1 Overview

We will be:

  1. importing the class data for biodiversity media coverage;
  2. seeing how to subset or summarize these data;
  3. perform different visualizations of the data.

You are welcome to either follow along with the text and copy-paste the code into the console or read through and then copy the whole script into a new R script in Rstudio.Cloud Enviro Comms Lab. Please make sure that you start a new project using that link. Do not continue using the projects from the Air Quality Lab or the Soil Science Lab.

1.1 Loading packages

First, let’s make sure we have useful functions to help us in this project.

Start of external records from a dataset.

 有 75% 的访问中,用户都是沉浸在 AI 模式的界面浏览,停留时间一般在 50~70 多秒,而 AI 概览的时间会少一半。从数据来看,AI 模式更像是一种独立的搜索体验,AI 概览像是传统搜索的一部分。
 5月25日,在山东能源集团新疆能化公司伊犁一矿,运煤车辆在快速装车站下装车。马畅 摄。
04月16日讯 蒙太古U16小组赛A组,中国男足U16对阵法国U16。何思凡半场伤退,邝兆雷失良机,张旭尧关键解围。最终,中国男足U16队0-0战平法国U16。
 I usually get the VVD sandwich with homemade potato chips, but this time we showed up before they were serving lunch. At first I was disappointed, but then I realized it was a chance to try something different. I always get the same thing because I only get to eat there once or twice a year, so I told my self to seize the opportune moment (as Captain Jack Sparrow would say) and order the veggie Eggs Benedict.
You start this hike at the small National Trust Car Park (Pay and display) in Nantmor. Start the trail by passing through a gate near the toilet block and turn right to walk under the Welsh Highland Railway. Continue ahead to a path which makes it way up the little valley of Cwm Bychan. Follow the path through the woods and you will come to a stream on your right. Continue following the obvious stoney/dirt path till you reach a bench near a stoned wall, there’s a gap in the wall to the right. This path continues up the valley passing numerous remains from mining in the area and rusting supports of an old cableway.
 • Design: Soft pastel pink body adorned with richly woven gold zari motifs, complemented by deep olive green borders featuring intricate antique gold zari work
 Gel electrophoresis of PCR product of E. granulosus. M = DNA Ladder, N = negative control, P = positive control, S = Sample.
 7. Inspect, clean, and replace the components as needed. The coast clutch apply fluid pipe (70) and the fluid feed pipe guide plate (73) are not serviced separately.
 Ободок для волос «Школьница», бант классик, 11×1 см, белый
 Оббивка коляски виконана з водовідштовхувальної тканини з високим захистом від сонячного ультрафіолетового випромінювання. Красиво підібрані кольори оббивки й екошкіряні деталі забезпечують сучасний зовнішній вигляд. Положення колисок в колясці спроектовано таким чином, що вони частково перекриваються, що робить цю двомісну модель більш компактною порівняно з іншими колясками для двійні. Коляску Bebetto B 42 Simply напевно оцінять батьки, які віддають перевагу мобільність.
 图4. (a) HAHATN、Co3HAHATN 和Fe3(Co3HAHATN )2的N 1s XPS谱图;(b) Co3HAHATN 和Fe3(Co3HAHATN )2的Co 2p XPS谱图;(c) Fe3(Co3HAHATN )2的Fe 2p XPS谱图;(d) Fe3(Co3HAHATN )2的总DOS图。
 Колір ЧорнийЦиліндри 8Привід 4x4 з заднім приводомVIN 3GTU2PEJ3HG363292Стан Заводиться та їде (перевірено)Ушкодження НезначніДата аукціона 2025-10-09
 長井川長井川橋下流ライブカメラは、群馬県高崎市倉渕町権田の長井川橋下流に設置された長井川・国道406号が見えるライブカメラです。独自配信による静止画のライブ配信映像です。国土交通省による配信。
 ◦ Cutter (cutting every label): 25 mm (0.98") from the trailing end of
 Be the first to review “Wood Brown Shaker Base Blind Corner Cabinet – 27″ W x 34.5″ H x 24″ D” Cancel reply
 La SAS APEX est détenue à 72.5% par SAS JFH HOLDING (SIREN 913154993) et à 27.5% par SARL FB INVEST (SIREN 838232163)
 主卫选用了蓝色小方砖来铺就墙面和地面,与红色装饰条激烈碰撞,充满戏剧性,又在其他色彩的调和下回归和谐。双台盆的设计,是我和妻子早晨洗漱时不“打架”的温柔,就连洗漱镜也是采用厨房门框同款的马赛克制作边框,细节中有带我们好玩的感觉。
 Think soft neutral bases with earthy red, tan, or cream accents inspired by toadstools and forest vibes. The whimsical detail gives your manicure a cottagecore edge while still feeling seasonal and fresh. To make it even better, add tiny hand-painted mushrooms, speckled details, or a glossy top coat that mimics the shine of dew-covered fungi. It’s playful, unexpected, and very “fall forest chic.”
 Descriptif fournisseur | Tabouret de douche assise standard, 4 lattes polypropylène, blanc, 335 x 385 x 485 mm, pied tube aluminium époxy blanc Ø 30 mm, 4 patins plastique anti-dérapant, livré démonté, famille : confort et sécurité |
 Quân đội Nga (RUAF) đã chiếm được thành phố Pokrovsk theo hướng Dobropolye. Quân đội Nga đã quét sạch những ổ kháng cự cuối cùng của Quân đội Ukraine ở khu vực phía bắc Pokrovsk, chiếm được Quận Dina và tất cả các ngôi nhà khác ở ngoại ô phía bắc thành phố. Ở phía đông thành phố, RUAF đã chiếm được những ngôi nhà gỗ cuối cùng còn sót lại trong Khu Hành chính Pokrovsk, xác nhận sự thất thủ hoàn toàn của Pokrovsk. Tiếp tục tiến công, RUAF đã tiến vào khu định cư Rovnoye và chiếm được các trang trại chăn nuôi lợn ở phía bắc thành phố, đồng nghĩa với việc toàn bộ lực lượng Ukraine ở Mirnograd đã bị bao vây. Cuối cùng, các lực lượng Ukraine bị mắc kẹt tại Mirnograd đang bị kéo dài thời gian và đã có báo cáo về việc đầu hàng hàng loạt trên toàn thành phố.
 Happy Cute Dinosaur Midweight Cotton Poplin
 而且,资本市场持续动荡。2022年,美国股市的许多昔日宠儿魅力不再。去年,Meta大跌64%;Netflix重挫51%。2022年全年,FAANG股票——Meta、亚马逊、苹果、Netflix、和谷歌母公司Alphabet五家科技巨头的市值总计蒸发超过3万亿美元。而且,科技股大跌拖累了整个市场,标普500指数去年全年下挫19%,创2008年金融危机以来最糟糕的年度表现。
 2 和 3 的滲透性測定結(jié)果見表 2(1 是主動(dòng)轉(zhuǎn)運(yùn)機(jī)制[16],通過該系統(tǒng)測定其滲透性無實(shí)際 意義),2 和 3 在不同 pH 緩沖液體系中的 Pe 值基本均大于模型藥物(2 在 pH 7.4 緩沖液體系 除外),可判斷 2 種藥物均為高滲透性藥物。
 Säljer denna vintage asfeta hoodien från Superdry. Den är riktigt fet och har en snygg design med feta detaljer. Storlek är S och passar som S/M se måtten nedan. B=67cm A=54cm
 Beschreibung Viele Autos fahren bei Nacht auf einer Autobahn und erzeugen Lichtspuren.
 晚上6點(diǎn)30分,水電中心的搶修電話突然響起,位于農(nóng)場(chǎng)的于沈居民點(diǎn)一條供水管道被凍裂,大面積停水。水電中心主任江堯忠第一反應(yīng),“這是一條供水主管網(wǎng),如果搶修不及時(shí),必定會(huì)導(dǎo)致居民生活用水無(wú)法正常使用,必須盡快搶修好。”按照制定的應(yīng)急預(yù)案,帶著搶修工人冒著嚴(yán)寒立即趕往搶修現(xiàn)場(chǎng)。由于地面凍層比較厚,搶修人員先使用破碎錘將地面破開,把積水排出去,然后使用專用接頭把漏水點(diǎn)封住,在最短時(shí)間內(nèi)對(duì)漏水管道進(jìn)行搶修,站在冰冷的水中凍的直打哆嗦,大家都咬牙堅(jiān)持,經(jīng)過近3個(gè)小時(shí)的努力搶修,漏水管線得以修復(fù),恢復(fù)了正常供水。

## Libraries for interacting with data
library(readr) # reads in spreadsheet data
library(dplyr) # lets you wrangle data more effectively

## Libraries for plotting
library(ggplot2) # plotting library
library(waffle)  # square pie chart (waffle chart) library

## Libraries for spatial data
library(sf)       # a nicer way to deal with spatial data
library(spData)   # spatial datasets

## Libraries for text data
library(vader) # package that permits for sentiment analysis
library(tidytext) # package for wrangling text data
library(stringr) # package with helpful functions dealing with string, or character/text data.
library(tokenizers) # package to split strings into smaller entities (e.g. messages into words, ngrams, or individual letters)

1.2 Importing the class dataset

Next, we’re going to import the class dataset.

CSPdf <- read_tsv("https://raw.githubusercontent.com/EA30POM/Fall2021/main/data/OTEC_CSP.tsv") # use the function read_tsv from readr to pull in a spreadsheet from this URL.
    # Then store the output in an object called "CSPdf"
    # CSPdf stands for Conservation Science Partners data frame

We can always pull up a viewer of our data by using these commands:

## Version 1:
CSPdf %>% # take CSPdf and feed it into the next command
    head( ) %>% # look at the first 6 rows
      View( ) # open the spreadsheet viewer
      # akin to x --> f(x) --> g(x)
      
## Alternatively, version 2:
View( head( CSPdf ) ) # akin to g( f( x ) )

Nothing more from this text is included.